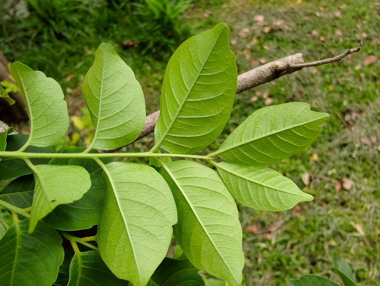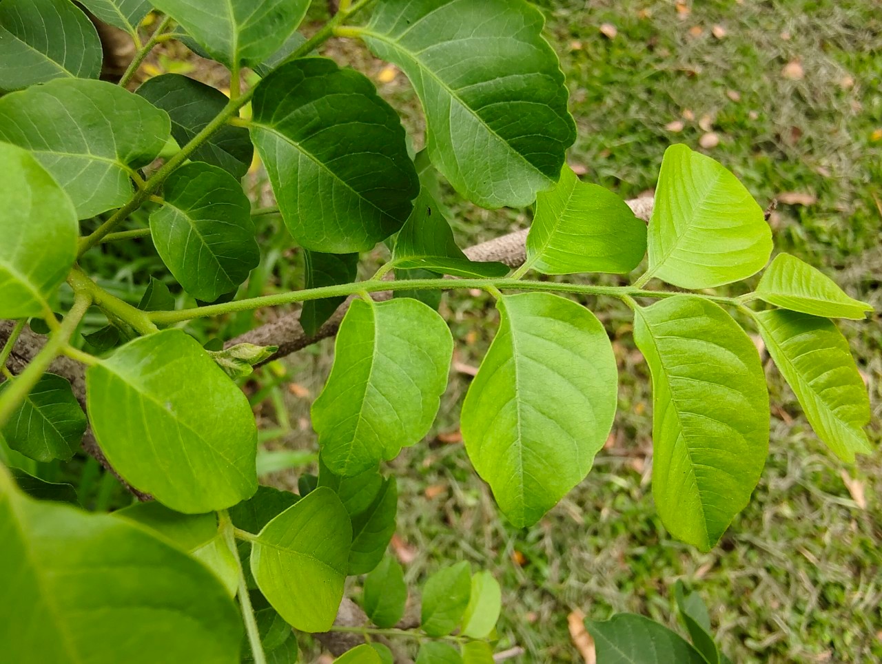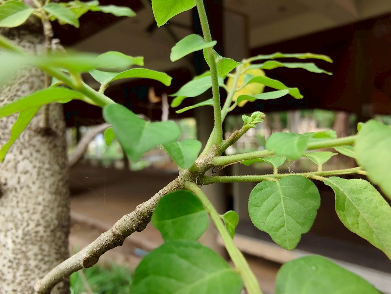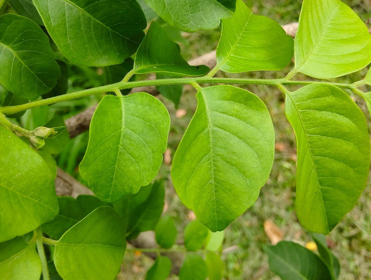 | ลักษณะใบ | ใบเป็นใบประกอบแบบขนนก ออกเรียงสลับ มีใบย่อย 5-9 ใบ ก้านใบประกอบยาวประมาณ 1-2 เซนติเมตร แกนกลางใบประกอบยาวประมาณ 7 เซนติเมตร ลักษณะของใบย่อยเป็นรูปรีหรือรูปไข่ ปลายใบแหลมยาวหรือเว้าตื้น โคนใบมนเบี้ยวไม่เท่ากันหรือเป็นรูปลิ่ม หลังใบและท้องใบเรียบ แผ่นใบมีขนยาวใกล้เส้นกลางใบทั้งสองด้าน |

* * *

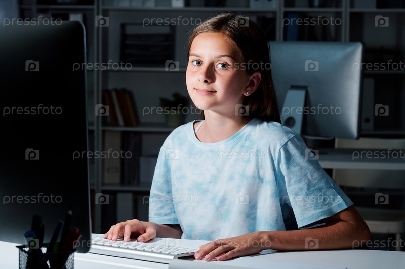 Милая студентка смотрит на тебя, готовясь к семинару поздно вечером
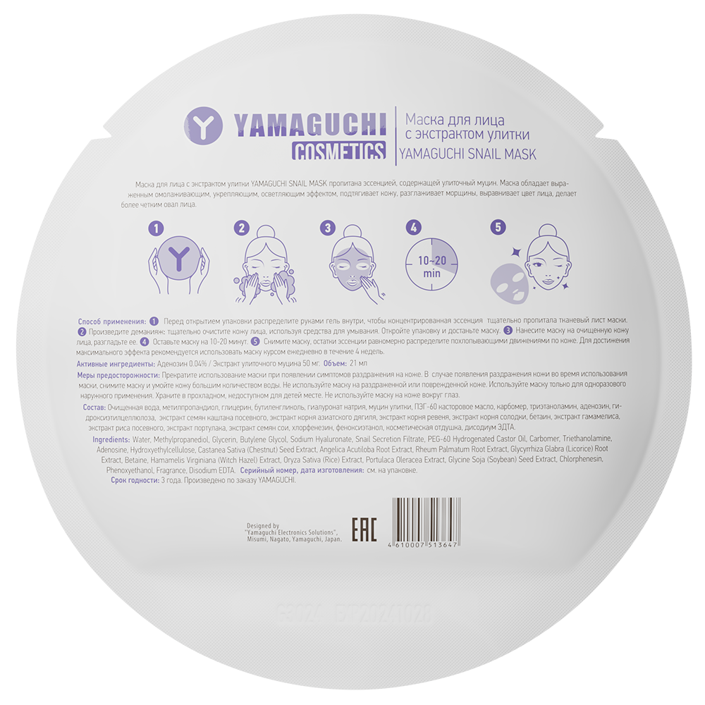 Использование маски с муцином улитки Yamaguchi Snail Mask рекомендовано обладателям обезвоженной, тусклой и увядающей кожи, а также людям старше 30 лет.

### Task to complete
In the listing above, find the line with "Милая студентка смотрит" and the line with "Использование маски с". Transcribe those two and everything between, exactly, leaving out pictures.

### Answer for this exercise
 Милая студентка смотрит на тебя, готовясь к семинару поздно вечером
 Использование маски с муцином улитки Yamaguchi Snail Mask рекомендовано обладателям обезвоженной, тусклой и увядающей кожи, а также людям старше 30 лет.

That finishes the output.